One of the first-line treatments for trauma in non-HIV populations is Eye Movement Desensitization and Reprocessing (EMDR) therapy. EMDR is a psychotherapeutic approach developed in the late 80s by Francine Shapiro that aims to treat traumatic memories and their associated stress symptoms. This therapy consists of a standard protocol which includes eight phases and bilateral stimulation (usually horizontal saccadic eye movements) to desensitize the discomfort caused by traumatic memories and the aim of the therapy is to achieve their reprocessing and integration within the patient's standard biographical memories. EMDR therapy is recommended by the World Health Organization as a psychotherapy of choice in the treatment of PTSD, showing efficacy in children, teenagers, and adults. Recent studies show potential for EMDR as an efficacious treatment in non-PTSD patients, including in promoting treatment adherence in bipolar patients and as an add-on treatment in chronic pain conditions, as per a recent review.
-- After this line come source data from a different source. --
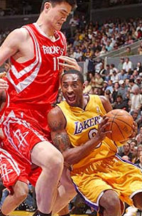 Jim Jackson scored 17 points and Cuttino Mobley and Steve Francis added 16 each for the Rockets, who committed 22 turnovers. Yao Ming managed just 10 points. Bryant had some trouble in the first quarter staying with Mobley, who made three 3-pointers and scored 14 points, giving Houston a 27-24 lead. But a reverse two-hand dunk gave the Lakers a 31-29 edge early in the second period and seemed to get Bryant going. The Rockets still held a 48-47 halftime lead before unraveling in the third quarter, making just 2-of-16 shots while committing four turnovers. Malone had two jumpers in a 9-1 burst that gave the Lakers the lead for good and Bryant had a layup and 3-pointer to make it 69-55 with 1:08 to go. Bryant left to a standing ovation and hugs from his teammates midway through the fourth quarter. |
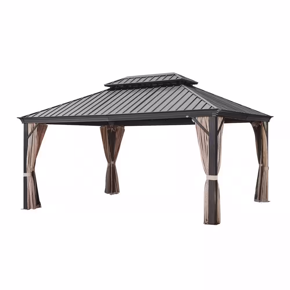 None 12 ft. x 16 ft. Aluminum Hardtop Gazebo with Galvanized Steel Roof and Mosquito Net
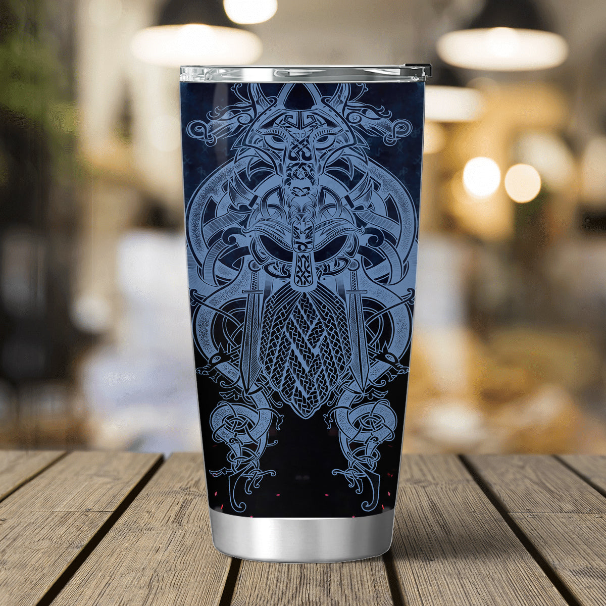 Crafted from high-quality stainless steel, this tumbler is perfect for keeping your drinks hot or cold for hours. The double-wall insulation ensures optimal temperature retention, while the secure lid prevents spills on the go. Whether you're enjoying a morning coffee or an evening mead, this tumbler is a perfect companion for any modern-day warrior.

Therefore, EMDR would seem to be indicated as an interesting therapeutic tool in helping people successfully assimilate the HIV diagnosis and reduce psychological distress and psychological trauma symptoms, and as an adjuvant treatment to health-related quality of life and potentially treatment adherence and biological markers of the disease.
This study aims to be the first to test the efficacy of the EMDR therapy in people recently diagnosed with HIV. If shown to be efficacious in this population, it could open the way for future studies to test the efficacy of EMDR in reducing risk behaviors associated with HIV transmission and as a treatment adjunct in treatment-refractory patients.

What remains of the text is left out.